# [PROVIDED RECORDS]
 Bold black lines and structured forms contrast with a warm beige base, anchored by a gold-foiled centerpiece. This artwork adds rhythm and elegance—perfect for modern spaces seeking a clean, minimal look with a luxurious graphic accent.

---

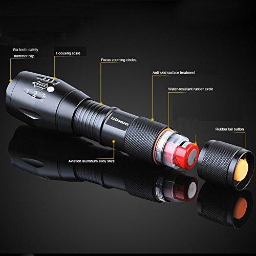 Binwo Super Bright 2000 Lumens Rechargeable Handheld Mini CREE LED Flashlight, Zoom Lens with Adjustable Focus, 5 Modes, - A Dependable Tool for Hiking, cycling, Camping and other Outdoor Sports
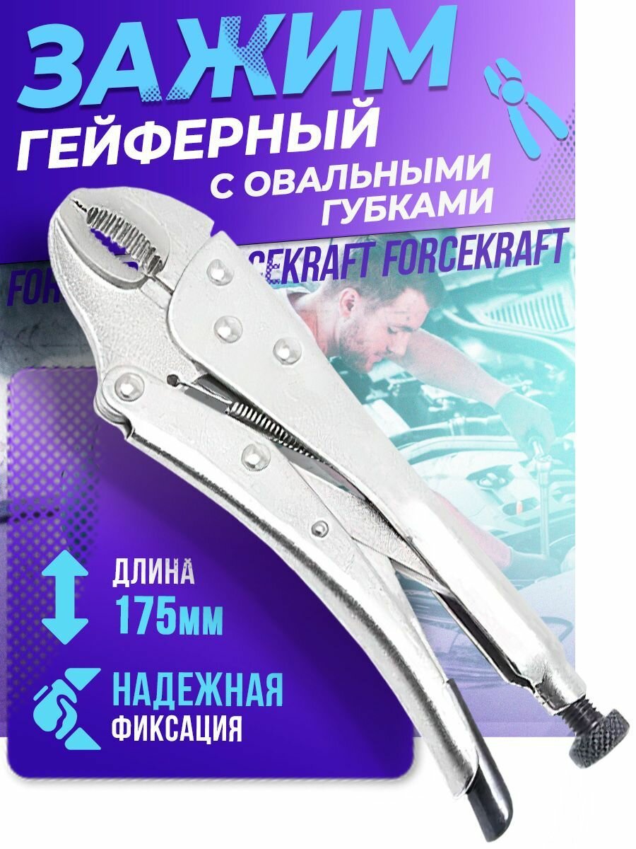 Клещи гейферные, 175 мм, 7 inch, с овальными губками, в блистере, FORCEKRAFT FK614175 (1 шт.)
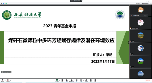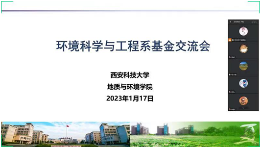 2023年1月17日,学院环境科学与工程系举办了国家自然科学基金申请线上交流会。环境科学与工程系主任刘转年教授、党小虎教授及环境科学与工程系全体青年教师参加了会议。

* * *

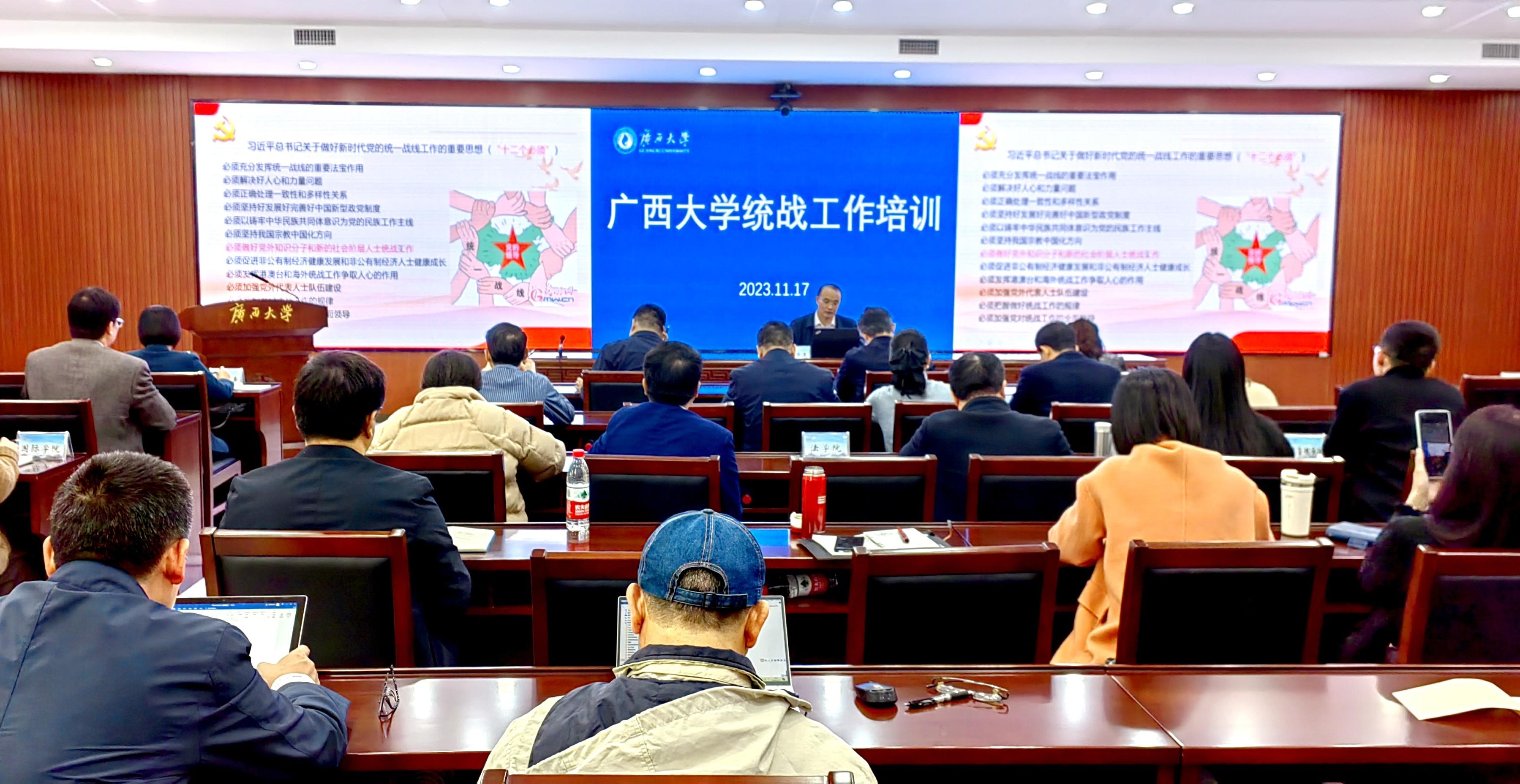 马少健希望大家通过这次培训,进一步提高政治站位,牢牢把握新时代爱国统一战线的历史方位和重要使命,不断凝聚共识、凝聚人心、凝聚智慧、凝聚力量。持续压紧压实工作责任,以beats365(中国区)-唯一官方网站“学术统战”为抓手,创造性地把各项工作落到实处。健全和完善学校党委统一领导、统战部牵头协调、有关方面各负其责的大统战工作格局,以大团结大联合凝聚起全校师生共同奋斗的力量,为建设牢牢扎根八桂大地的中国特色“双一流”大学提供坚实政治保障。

# [PROBLEM STATEMENT]
"Binwo Super Bright" marks the first line to copy, and "2023年1月17日,学院环" marks the last. Repeat that stretch above exactly, with no pictures.

# [SOLUTION FOR THIS EXERCISE]
 Binwo Super Bright 2000 Lumens Rechargeable Handheld Mini CREE LED Flashlight, Zoom Lens with Adjustable Focus, 5 Modes, - A Dependable Tool for Hiking, cycling, Camping and other Outdoor Sports
 Клещи гейферные, 175 мм, 7 inch, с овальными губками, в блистере, FORCEKRAFT FK614175 (1 шт.)
 2023年1月17日,学院环境科学与工程系举办了国家自然科学基金申请线上交流会。环境科学与工程系主任刘转年教授、党小虎教授及环境科学与工程系全体青年教师参加了会议。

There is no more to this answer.